When you reach the line that contains "Žalios spalvos klasikinis", begin copying exactly and continue through the last line below. Do not copy pictures.

§ Data provided
****************

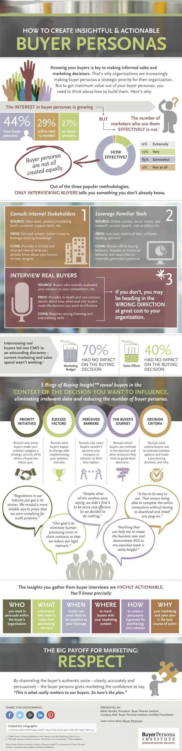 Si vous connaissez vraiment vos acheteurs, vous serez en mesure de répondre oui à chacun des énoncés ci-dessus en toute confiance. Obtenir cela nécessite de mener des entretiens de recherche avec les acheteurs. Rassembler les données nécessaires pour développer votre «buyer persona». En utilisant leurs mots, cela révèlent les attitudes, les préoccupations et les critères de décision que vous devez aborder pour gagner leur confiance. Un buyer persona révèle :
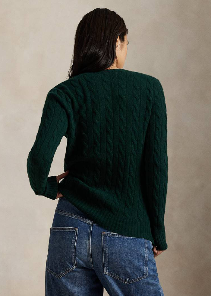 Žalios spalvos klasikinis vilnos ir kašmyro audinio megztinis ilgomis rankovėmis. Apvali kaklo iškirptė. Išsiuvinėtas ikoniškas logotipas.
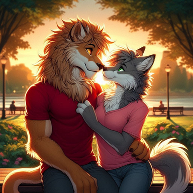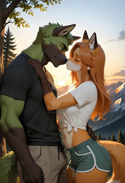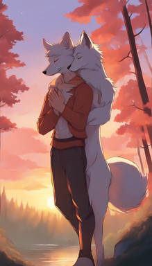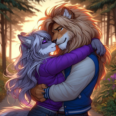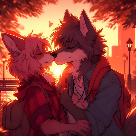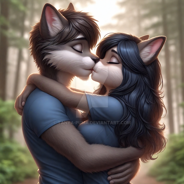 #anthrowolf #furryanthro #kiss #spring #valentinesday #wolfgirl #woodsforest #coupleromance #realisticanime #aiart #furrycouple #wolf_man #ai_generated #stable_diffusion

****************

§ Exercise response
 Žalios spalvos klasikinis vilnos ir kašmyro audinio megztinis ilgomis rankovėmis. Apvali kaklo iškirptė. Išsiuvinėtas ikoniškas logotipas.
 #anthrowolf #furryanthro #kiss #spring #valentinesday #wolfgirl #woodsforest #coupleromance #realisticanime #aiart #furrycouple #wolf_man #ai_generated #stable_diffusion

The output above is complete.